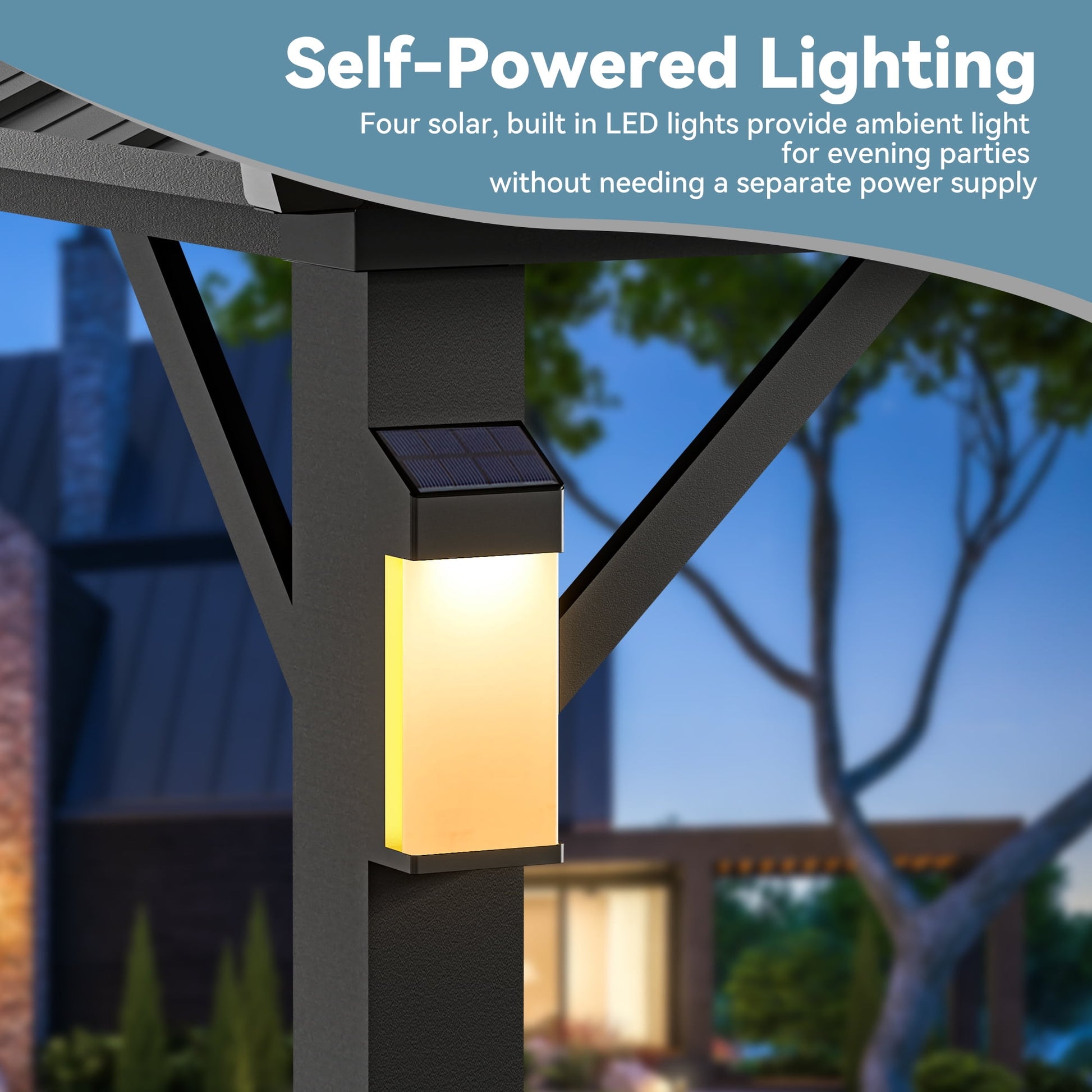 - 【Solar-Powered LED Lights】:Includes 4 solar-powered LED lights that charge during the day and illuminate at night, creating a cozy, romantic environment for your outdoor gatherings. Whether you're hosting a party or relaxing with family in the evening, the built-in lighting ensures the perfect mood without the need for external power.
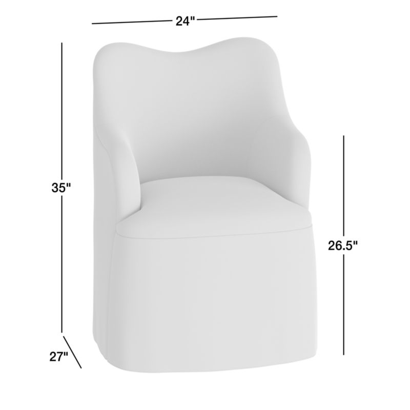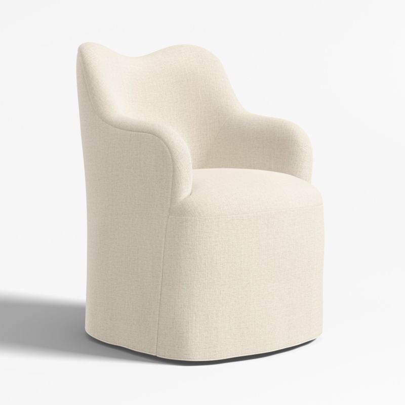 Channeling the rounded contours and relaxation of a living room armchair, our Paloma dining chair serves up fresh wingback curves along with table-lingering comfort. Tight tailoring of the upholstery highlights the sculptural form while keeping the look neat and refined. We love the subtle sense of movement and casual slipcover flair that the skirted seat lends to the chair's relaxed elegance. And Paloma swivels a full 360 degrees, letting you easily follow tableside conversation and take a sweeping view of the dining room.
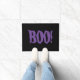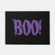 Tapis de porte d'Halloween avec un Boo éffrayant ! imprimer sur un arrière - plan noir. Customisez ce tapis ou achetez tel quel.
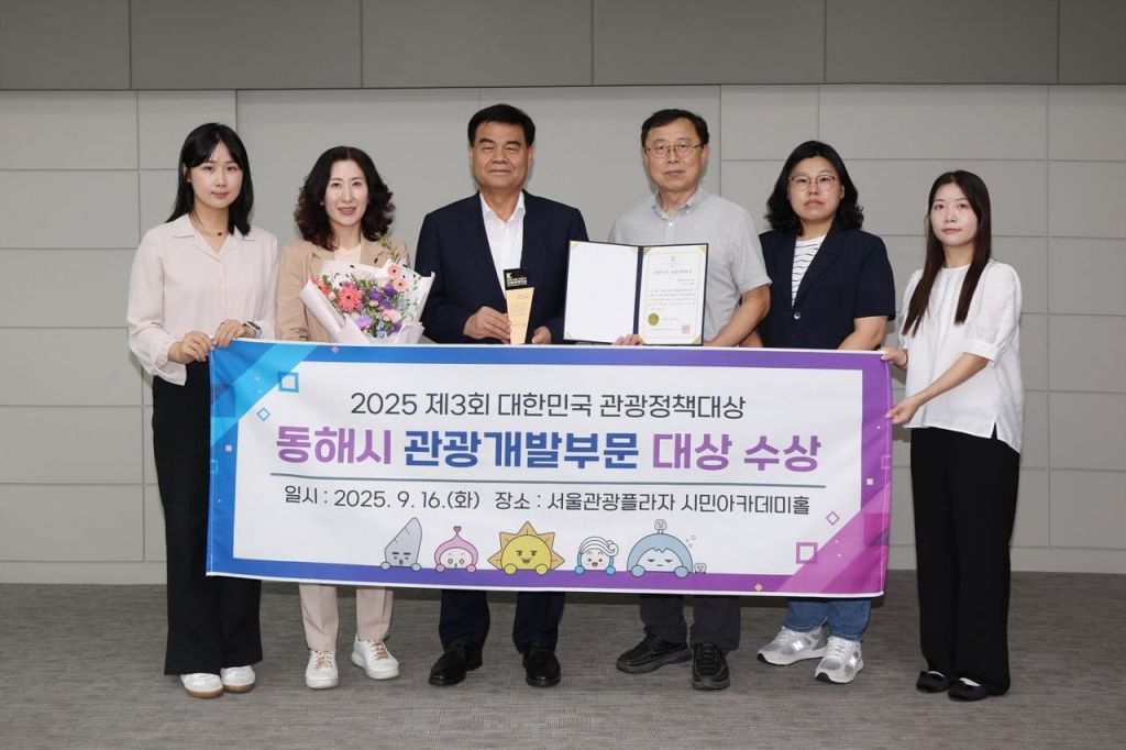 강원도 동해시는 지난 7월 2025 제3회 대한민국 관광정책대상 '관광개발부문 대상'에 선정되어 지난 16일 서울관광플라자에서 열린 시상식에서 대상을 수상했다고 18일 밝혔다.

++++++++++

Description of the task
What is needed is the whole listing again, exactly as written, with the images left out.

Result
 - 【Solar-Powered LED Lights】:Includes 4 solar-powered LED lights that charge during the day and illuminate at night, creating a cozy, romantic environment for your outdoor gatherings. Whether you're hosting a party or relaxing with family in the evening, the built-in lighting ensures the perfect mood without the need for external power.
 Channeling the rounded contours and relaxation of a living room armchair, our Paloma dining chair serves up fresh wingback curves along with table-lingering comfort. Tight tailoring of the upholstery highlights the sculptural form while keeping the look neat and refined. We love the subtle sense of movement and casual slipcover flair that the skirted seat lends to the chair's relaxed elegance. And Paloma swivels a full 360 degrees, letting you easily follow tableside conversation and take a sweeping view of the dining room.
 Tapis de porte d'Halloween avec un Boo éffrayant ! imprimer sur un arrière - plan noir. Customisez ce tapis ou achetez tel quel.
 강원도 동해시는 지난 7월 2025 제3회 대한민국 관광정책대상 '관광개발부문 대상'에 선정되어 지난 16일 서울관광플라자에서 열린 시상식에서 대상을 수상했다고 18일 밝혔다.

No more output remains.